Assignment:
Pictures aside, the output must consist of the lines from the one containing "タイトなトップスとも、ゆったりめなトップスとも意外とバランスがとれる一点です◎" through the end of the data, reproduced exactly.
------ Information provided
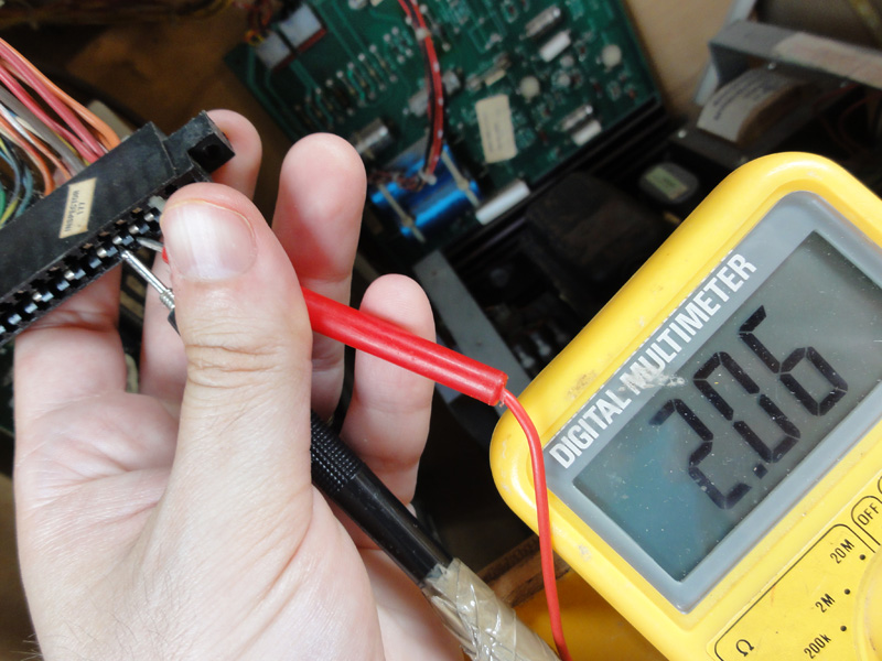 OK, the basic check. Let's plug the game. On this pin, I'm supposed to have 12V ...
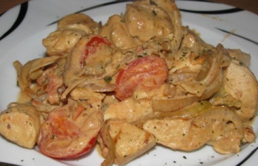 Menge Zutat 1 St Hähnchenbrustfilet ca.150 Gramm 1 St Zwiebel etwas Pfeffer, Salz und Paprika 150 ml Geflügelbrühe 3 EL Frischkäse Tomate-Kräuter [...]
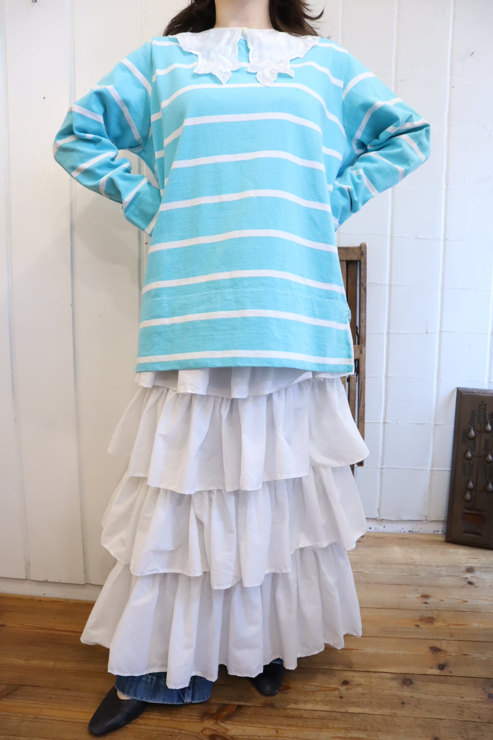 タイトなトップスとも、ゆったりめなトップスとも意外とバランスがとれる一点です◎
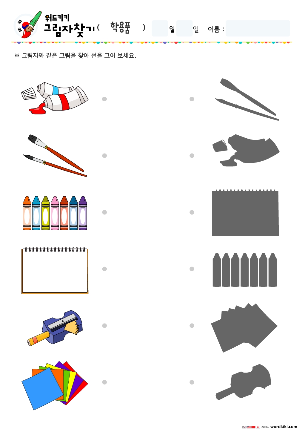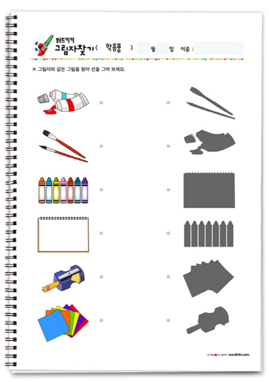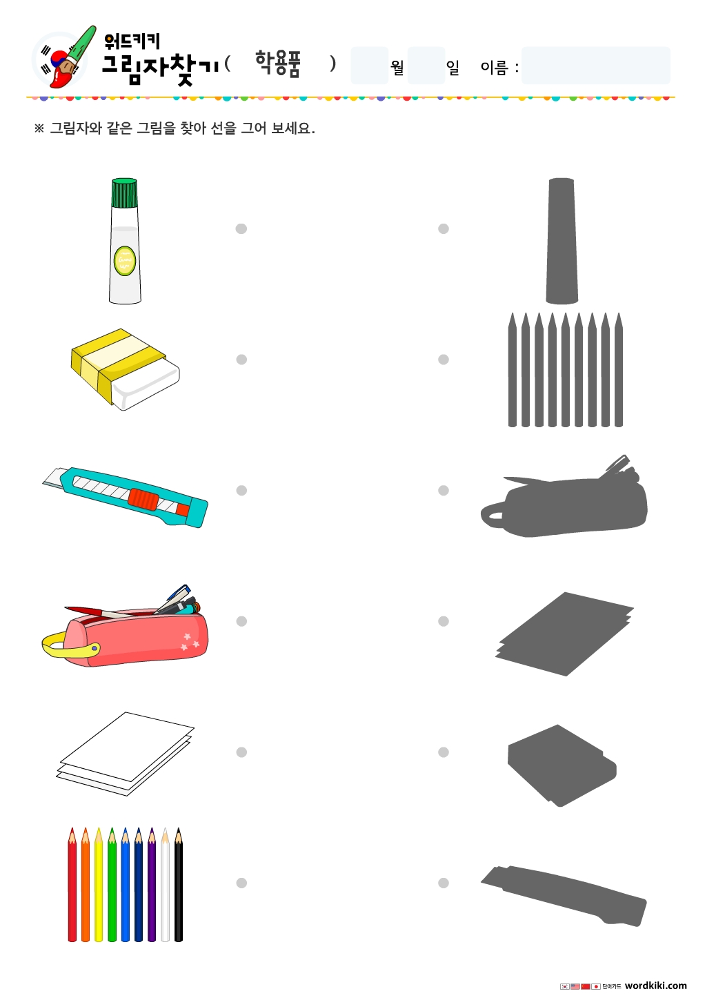 연필 그림자찾기, 공책 그림자찾기, 볼펜 그림자찾기, 가위 그림자찾기, 샤프펜슬 그림자찾기, 자 그림자찾기, 풀 그림자찾기, 지우개 그림자찾기, 칼 그림자찾기, 필통 그림자찾기, 종이 그림자찾기, 색연필 그림자찾기, 물감 그림자찾기, 붓 그림자찾기, 크레파스 그림자찾기, 스케치북 그림자찾기, 연필깍이 그림자찾기, 색종이 그림자찾기,
------------
Solution to this problem:
 タイトなトップスとも、ゆったりめなトップスとも意外とバランスがとれる一点です◎
 연필 그림자찾기, 공책 그림자찾기, 볼펜 그림자찾기, 가위 그림자찾기, 샤프펜슬 그림자찾기, 자 그림자찾기, 풀 그림자찾기, 지우개 그림자찾기, 칼 그림자찾기, 필통 그림자찾기, 종이 그림자찾기, 색연필 그림자찾기, 물감 그림자찾기, 붓 그림자찾기, 크레파스 그림자찾기, 스케치북 그림자찾기, 연필깍이 그림자찾기, 색종이 그림자찾기,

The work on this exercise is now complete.